__THE PROBLEM__
Retype the material below exactly, from its first line through the line with "Close-Up of Pink"; the pictures stay out.

__DATASET ENTRIES__
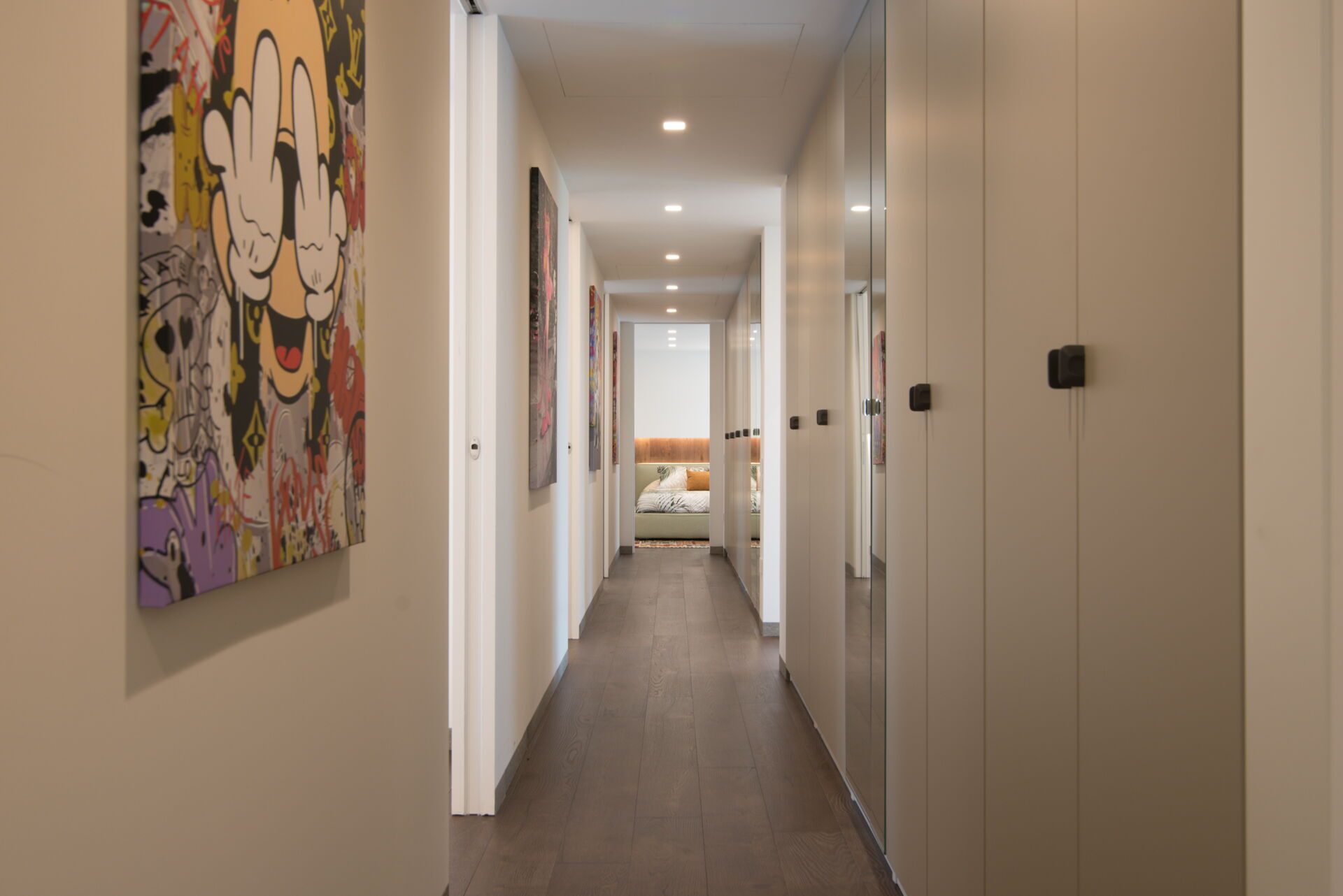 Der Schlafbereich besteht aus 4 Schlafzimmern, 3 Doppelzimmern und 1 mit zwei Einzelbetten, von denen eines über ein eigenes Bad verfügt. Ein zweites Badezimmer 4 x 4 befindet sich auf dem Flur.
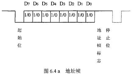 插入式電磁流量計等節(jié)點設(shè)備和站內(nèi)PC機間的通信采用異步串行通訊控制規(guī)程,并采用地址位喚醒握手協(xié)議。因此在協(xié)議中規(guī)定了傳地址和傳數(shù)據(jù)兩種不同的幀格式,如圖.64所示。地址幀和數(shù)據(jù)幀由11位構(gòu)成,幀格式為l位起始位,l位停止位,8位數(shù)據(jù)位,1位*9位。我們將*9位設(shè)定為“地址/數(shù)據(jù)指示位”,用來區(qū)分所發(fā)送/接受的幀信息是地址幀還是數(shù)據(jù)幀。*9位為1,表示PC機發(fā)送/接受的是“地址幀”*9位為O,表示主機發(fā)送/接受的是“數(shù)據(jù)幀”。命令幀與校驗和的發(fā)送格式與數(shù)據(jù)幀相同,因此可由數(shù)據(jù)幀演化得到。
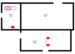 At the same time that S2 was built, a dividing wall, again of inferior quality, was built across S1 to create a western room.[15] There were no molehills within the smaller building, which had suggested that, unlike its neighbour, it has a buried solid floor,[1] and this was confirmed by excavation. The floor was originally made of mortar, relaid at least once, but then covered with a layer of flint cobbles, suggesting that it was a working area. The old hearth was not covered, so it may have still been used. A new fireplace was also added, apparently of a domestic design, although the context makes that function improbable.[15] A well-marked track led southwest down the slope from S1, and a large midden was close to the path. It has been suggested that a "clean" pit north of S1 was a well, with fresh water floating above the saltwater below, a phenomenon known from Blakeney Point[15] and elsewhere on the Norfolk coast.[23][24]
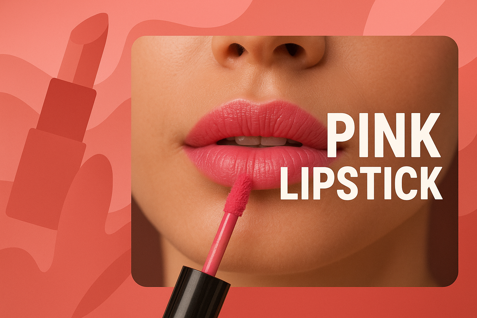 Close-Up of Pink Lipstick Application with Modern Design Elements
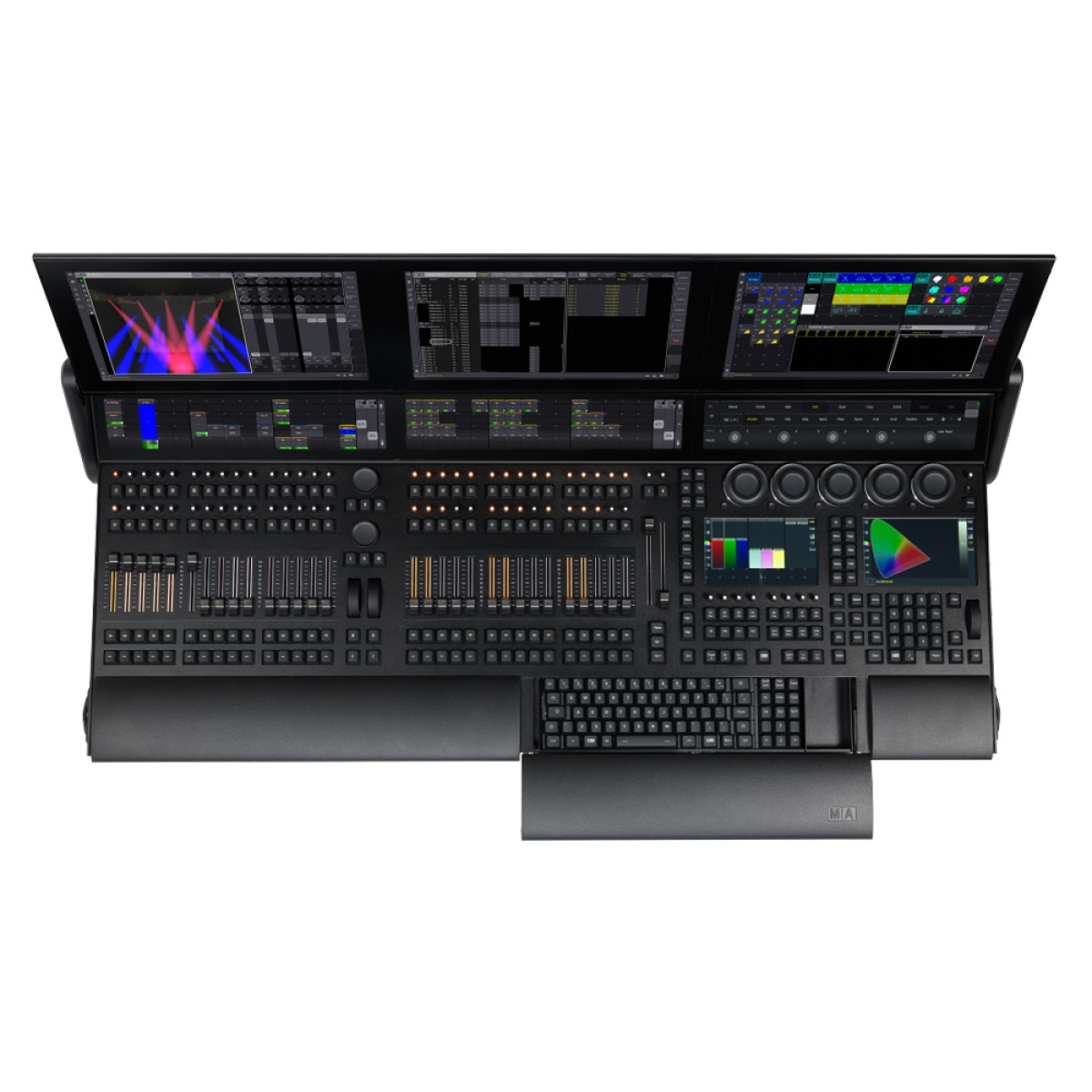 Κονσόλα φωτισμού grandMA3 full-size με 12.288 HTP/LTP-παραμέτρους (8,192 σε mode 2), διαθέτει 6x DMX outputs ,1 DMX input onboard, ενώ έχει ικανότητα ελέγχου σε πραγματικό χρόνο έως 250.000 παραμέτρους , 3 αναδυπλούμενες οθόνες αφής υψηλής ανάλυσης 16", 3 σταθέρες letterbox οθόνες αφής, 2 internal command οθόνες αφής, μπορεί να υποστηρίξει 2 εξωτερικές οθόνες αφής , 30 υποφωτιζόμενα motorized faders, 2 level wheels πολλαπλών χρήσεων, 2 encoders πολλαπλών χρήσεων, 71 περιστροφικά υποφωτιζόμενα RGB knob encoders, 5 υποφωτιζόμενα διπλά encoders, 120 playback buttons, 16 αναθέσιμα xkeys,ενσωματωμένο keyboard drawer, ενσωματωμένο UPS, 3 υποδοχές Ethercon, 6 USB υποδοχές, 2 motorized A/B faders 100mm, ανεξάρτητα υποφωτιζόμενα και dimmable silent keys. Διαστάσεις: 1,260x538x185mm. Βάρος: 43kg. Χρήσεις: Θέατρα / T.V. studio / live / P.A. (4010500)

__ANSWER FOR THIS EXERCISE__
 Der Schlafbereich besteht aus 4 Schlafzimmern, 3 Doppelzimmern und 1 mit zwei Einzelbetten, von denen eines über ein eigenes Bad verfügt. Ein zweites Badezimmer 4 x 4 befindet sich auf dem Flur.
 插入式電磁流量計等節(jié)點設(shè)備和站內(nèi)PC機間的通信采用異步串行通訊控制規(guī)程,并采用地址位喚醒握手協(xié)議。因此在協(xié)議中規(guī)定了傳地址和傳數(shù)據(jù)兩種不同的幀格式,如圖.64所示。地址幀和數(shù)據(jù)幀由11位構(gòu)成,幀格式為l位起始位,l位停止位,8位數(shù)據(jù)位,1位*9位。我們將*9位設(shè)定為“地址/數(shù)據(jù)指示位”,用來區(qū)分所發(fā)送/接受的幀信息是地址幀還是數(shù)據(jù)幀。*9位為1,表示PC機發(fā)送/接受的是“地址幀”*9位為O,表示主機發(fā)送/接受的是“數(shù)據(jù)幀”。命令幀與校驗和的發(fā)送格式與數(shù)據(jù)幀相同,因此可由數(shù)據(jù)幀演化得到。
 At the same time that S2 was built, a dividing wall, again of inferior quality, was built across S1 to create a western room.[15] There were no molehills within the smaller building, which had suggested that, unlike its neighbour, it has a buried solid floor,[1] and this was confirmed by excavation. The floor was originally made of mortar, relaid at least once, but then covered with a layer of flint cobbles, suggesting that it was a working area. The old hearth was not covered, so it may have still been used. A new fireplace was also added, apparently of a domestic design, although the context makes that function improbable.[15] A well-marked track led southwest down the slope from S1, and a large midden was close to the path. It has been suggested that a "clean" pit north of S1 was a well, with fresh water floating above the saltwater below, a phenomenon known from Blakeney Point[15] and elsewhere on the Norfolk coast.[23][24]
 Close-Up of Pink Lipstick Application with Modern Design Elements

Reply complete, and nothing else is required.